偶然が重なって生まれた“魔弾”の真相
「消える銃弾」(シーズン2 第4話)
ゲスト俳優:下條アトム
【注目ポイント】
Season2のエピソード「消える銃弾」は、一見すると現実離れしたトリックだが、偶然の連鎖が重なったことで成立したという点で、非常に興味深い物語である。
事件の発端は、銃弾が見つからず、銃声も硝煙反応も検出されないという不可解な連続狙撃事件。まるで人知を超えたかのような状況に、特命係の杉下右京たちも困惑を隠せない。
犯人は、かつて自殺に追い込まれた青年・孝一を慕っていた弁当屋の店員・晴美(氏家恵)。彼女は孝一の父親がかつて密かに作っていた改造銃を盗み出し、その銃で復讐を実行に移していた。銃は特殊な空気圧式の仕組みを持つコンデンサー型で、発砲音がほとんどなく、硝煙反応も出ないため、従来の捜査では手がかりがまったく掴めなかった。

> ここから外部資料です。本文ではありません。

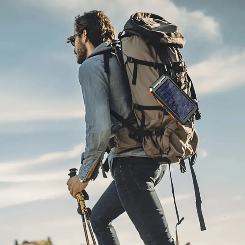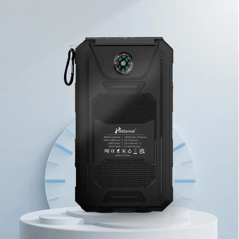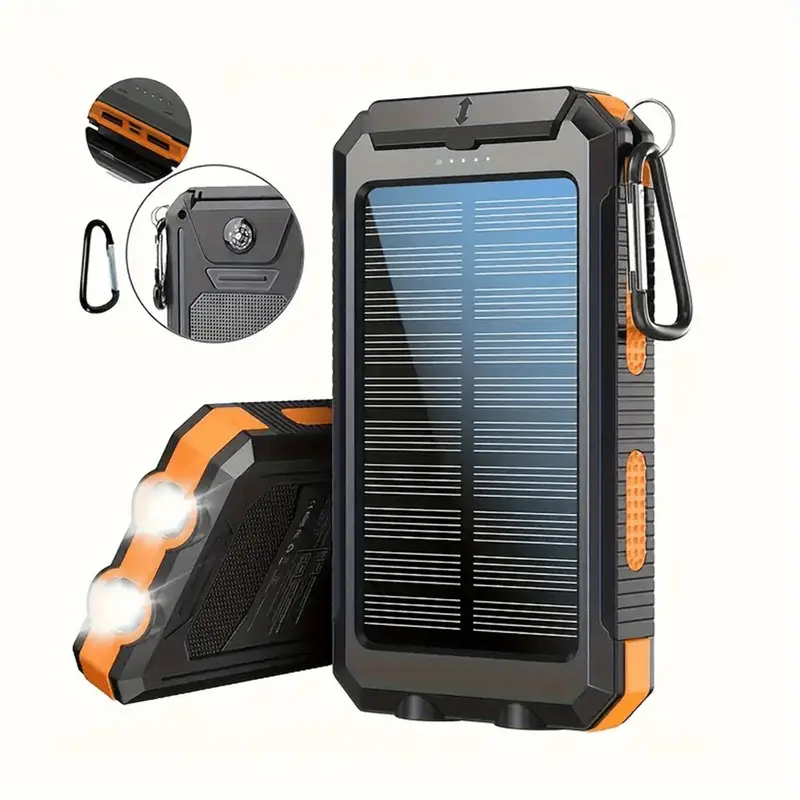 Solar Charger 10,000mAh with Dual USB and LED Flashlights – Portable Battery for Camping and Travel
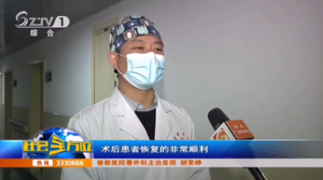 【采访】曾都医院普外科主治医师 胡竞峥:术后患者恢复的非常顺利,没有出现其它并发症。目前精神状态良好,近几天即可痊愈出院。
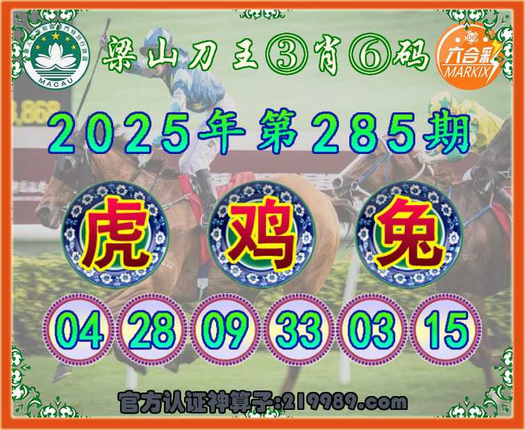 285期:『梁山刀王』 ☺️③肖⑥码☺️【虎鸡兔】开:马24
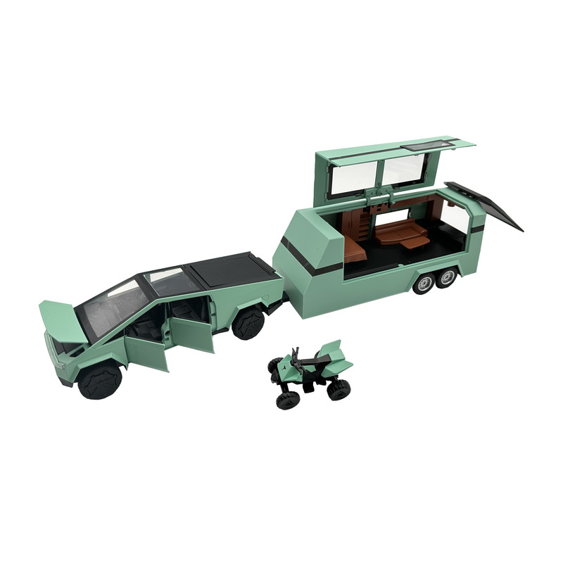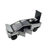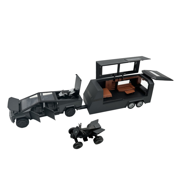 اسباب بازی ماشین تسلا مسافرتی از جنس فلز بوده و به صورت عقبکش کار می کند. ماشین فلزی تسلا دارای باطری سکه ای برای روشن شدن چراغ ها و صدای استارت ماشین بوده و همچنین دارای درب های مختلف با قابلیت باز و بسته شدن است. همچنین داخل کابین این ماشین دارای مبلمان و... می باشد. کابین این ماشین فلزی قابلیت جدا شدن از ماشین می باشد. طول ماشین به همراه کابین حدود 38 سانتی متر بوده و همچنین دارای یک موتور 4 چرخ جدا می باشد.
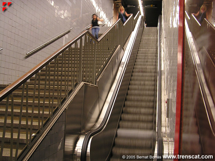 escalinates i escala mecànica que baixa fins al nivell de les vies. A
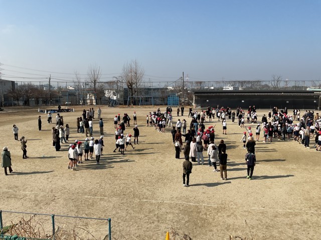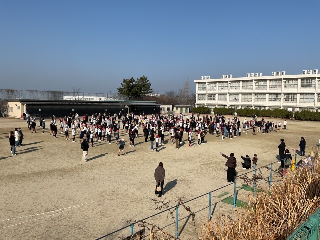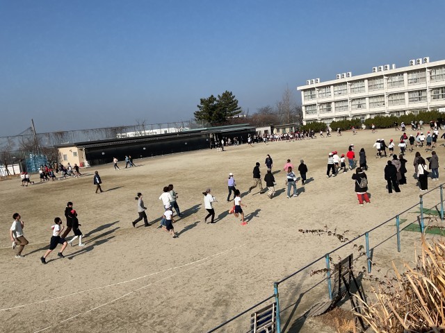 参観日(5年生) 公開日 2026/02/13 更新日 2026/02/13 5年生 5年生が参観日に5分間走と大縄跳びに挑戦しました。青空の下、運動場には大勢の保護者の皆さんに来校いただき、子どもたちはいつもよりテンションが高かったように感じました。最初の5分間走では、予想を上回る多くの保護者の皆さんにも参加していただきました。大縄跳びでは、運動場中に広がって学年全体が取り組み、その様子は壮観でした。 +2 いいね(0)
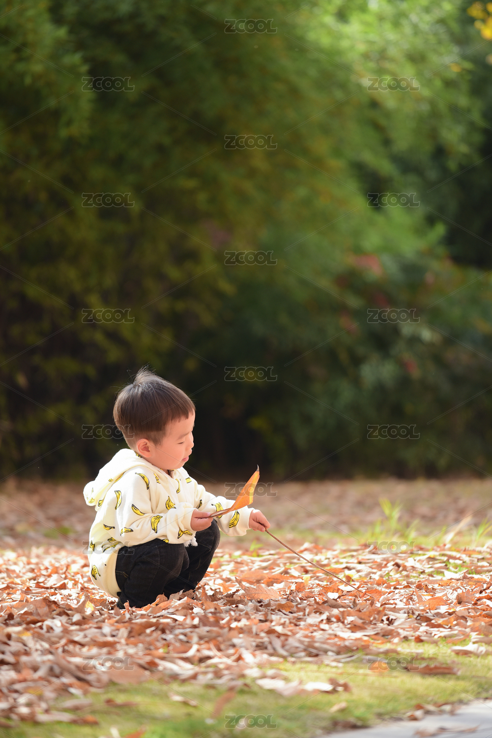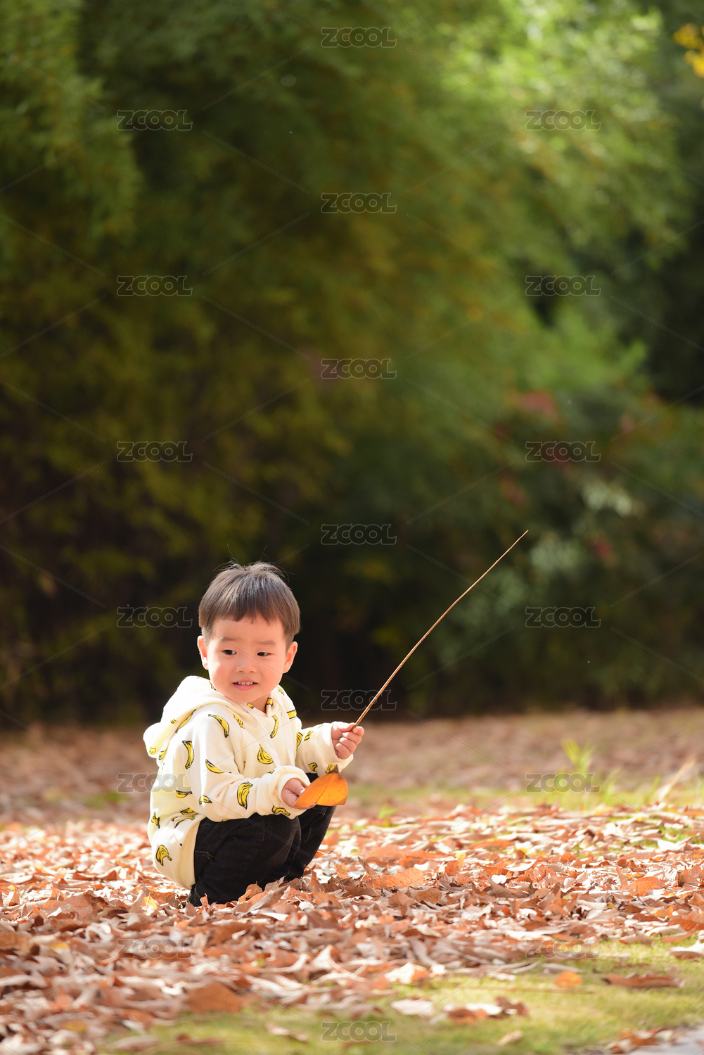 蹲在落满树叶的草地上拿着树枝玩耍的小男孩

さらに特筆すべきは、晴美が使用していた“弾丸”が、なんとスペアリブの骨だったという点だ。骨は着弾と同時に粉砕され、人体に混ざってしまったため、通常の検死では銃弾として認識されず、まさに“消えた銃弾”となったのである。
作り手である孝一の父も、撃ち手である晴美自身も、そんな結果になるとは予想していなかった。だが、その“想定外”がかえって事件を複雑化させ、特命係を翻弄する魔弾となった。この構造が生むリアリティとサスペンスは、視聴者に強い印象を残す。
さらにこの回は、現在もレギュラーメンバーとして活躍する捜査一課の芹沢刑事が初登場するエピソードでもある。シリーズを追い続けるファンにとっては、物語としての完成度だけでなく、キャラクターの歴史を語る上でも重要な一話と言えるだろう。